Has My Root Canal Failed? | A Guide to RCT Success & Failure

Has My Root Canal Failed? | A Guide to RCT Success & Failure
November 6th, 2017 | Dental, Dr Robinson, Root Canal

What does a successful Root Canal feel like?

Is your root canal still giving you troubles after treatment?

It is normal for the tissue around the root of your tooth to be disturbed after root canal treatment (RCT), and the surrounding area to feel tender and sore. So, how do you know if this discomfort is a normal part of the recovery process or something you should be concerned about?

“Following a successful root canal treatment, the tooth should begin to settle and any pain should resolve. However, if your pain continues to increase after treatment or returns after your recovery, then an assessment by your dentist can help work out any underlying causes,” says Dr Stephen Robinson.

Root canal treatment is quoted as having a greater than 90% chance of success. So, what can go wrong? Below, we break down some of the ways a root canal can fail, and the symptoms you may experience in the case of a failed RCT.

How do I know if a Root Canal has failed?

Symptoms will affect the same tooth that was treated, or a surrounding area, such as the nearby gums. The common signs and symptoms of a failed root canal treatment include –

  • Tenderness or swelling
  • Pain on biting
  • A blister or pimple-like bump inside the mouth
  • Increased tooth mobility

What causes a Root Canal to fail?

A root canal failure occurs because bacteria remain present in the root canal, or find a way to re-enter the tooth after treatment.

Some of the reasons for a root canal failure include –

  • A leaking, or dislodged dental filling or dental crown
  • A cracked or fractured tooth
  • Dental decay, cavities or Periodontal disease
  • Incomplete removal of bacteria due to varying size and shape of root canal

Just like your other teeth, a tooth that has received a root canal is susceptible to decay and needs to be maintained with good oral hygiene. Your mouth is full of bacteria, and if appropriate oral care is not maintained then there is a risk that decay can develop. This decay can provide the access for bacteria to re-enter your tooth.
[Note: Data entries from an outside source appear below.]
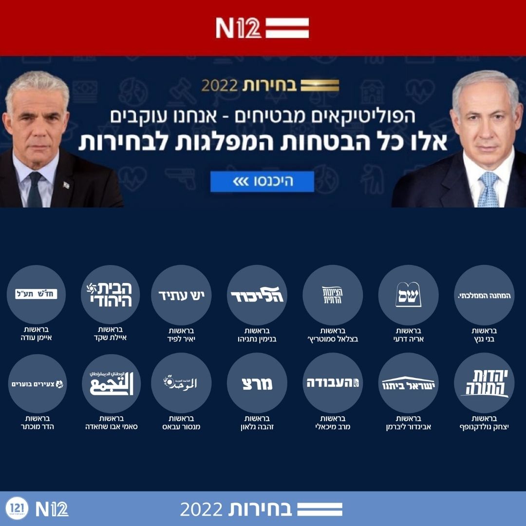 יחד עם N12 ערכנו פרויקט מיוחד, שבו מיפינו את הבטחות הבחירות של כל המפלגות בכל הנושאים החברתיים. לא זוכרים מה הבטיחו המפלגות? זה הזמן לקרוא את תמצית ההתחייבויות שלהן.
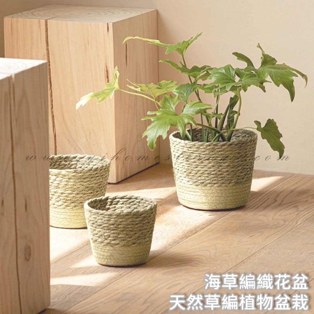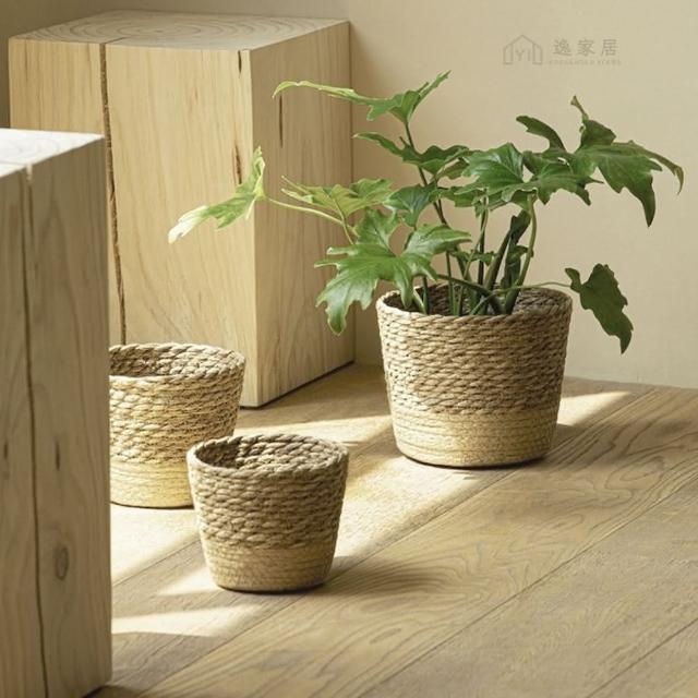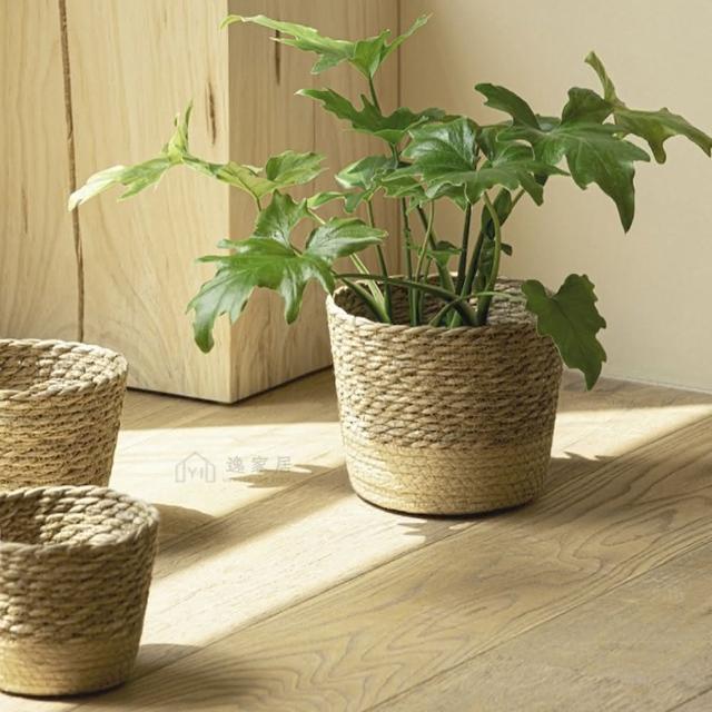逸家居 天然海草編織花盆-中款北歐風 藤編植物綠植 套盆 家居 裝飾 花器 花籃 收納筐 大花籃
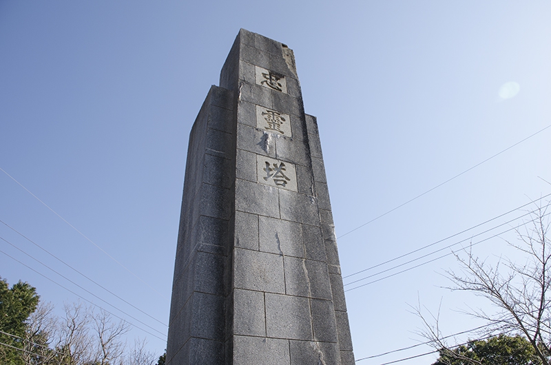 公園の一角には、三つの石碑が並んでいます。一番大きな石碑は「忠霊塔」とあります。説明看板など無いため詳しくはわかりませんが、このような軍用墓地は平時の軍人を埋葬する目的で作られ、後に戦争で命を落とした戦没者も祀られるようになったようです。立派な石碑ですが、残念ながらところどころ欠けたり、敷石が割れていました。

“A tooth that has had root canal therapy no longer has an active nerve, and unlike a normal tooth, this means that a cavity won’t be felt or exhibit pain,” says Dr Stephen Robinson.

“This means that after root canal treatment, it is beneficial to take extra care to keep your teeth free of decay, and to maintain your regular dental appointments so that the health of your teeth can be ensured.”

The Complexity of the Root Canal

Another common reason for the failure of a root canal treatment is that your root canals are not located or are only partially treated.

“Root canals can vary in size and shape, and this can make some canals harder to locate and treat in entirety. RCT is much more likely to fail if only part of the root is treated, and your dentist may choose to refer to an Endontics Specialist (Endodontist) in complex cases,” says Dr Stephen Robinson.

Root canals (shaded red above) can display a range of different complex structures and shapes,
as shown by these different diagrams of the same tooth.1 

Dr Stephen Robinson adds that some teeth can have ‘extra’ canals – for example, in most cases incisors typically have just one canal, but may also have a second canal in some teeth. These ‘extra’ root canals are known as accessory canals, and if they are not located appropriately, they can provide a site for bacteria to flourish.

What happens at a root canal re-treatment?

Before your root canal is re-treated, your dentist will assess your tooth to determine any of the potential causes for the failure of your first treatment. In complex cases, a referral to an Endodontic specialist may be deemed necessary.

During re-treatment, your dentist will –

  • Access the tooth by taking the crown or filling out
  • Remove any of the previous material from RCT
  • Clean & re-apply antibacterial dressing
  • Refill the Root Canal
  • Reseal and finish treatment

In other circumstances, a form of root canal surgery called an Apicoectomy may be considered. This involves accessing the root canal via the gum using surgical techniques and allows your dentist to clean and seal the area directly without removing the filling or crown.

My Crown Broke (or Dental Filling).
Will this affect my Root Canal Treatment?

It is important that you tell your dentist immediately about any issues with the crown or filling on any teeth that have had root canal treatment. As discussed previously – a dislodged filling or crown provides easy access for bacteria to re-enter your tooth, which is the primary cause of root canal failure.

“Any damage to your tooth, or the restoration that seals the tooth, should be reported to your dentist promptly. Discussing these issues with your dentist as early as possible can prevent the need for more complex re-treatment,” says Dr Stephen Robinson.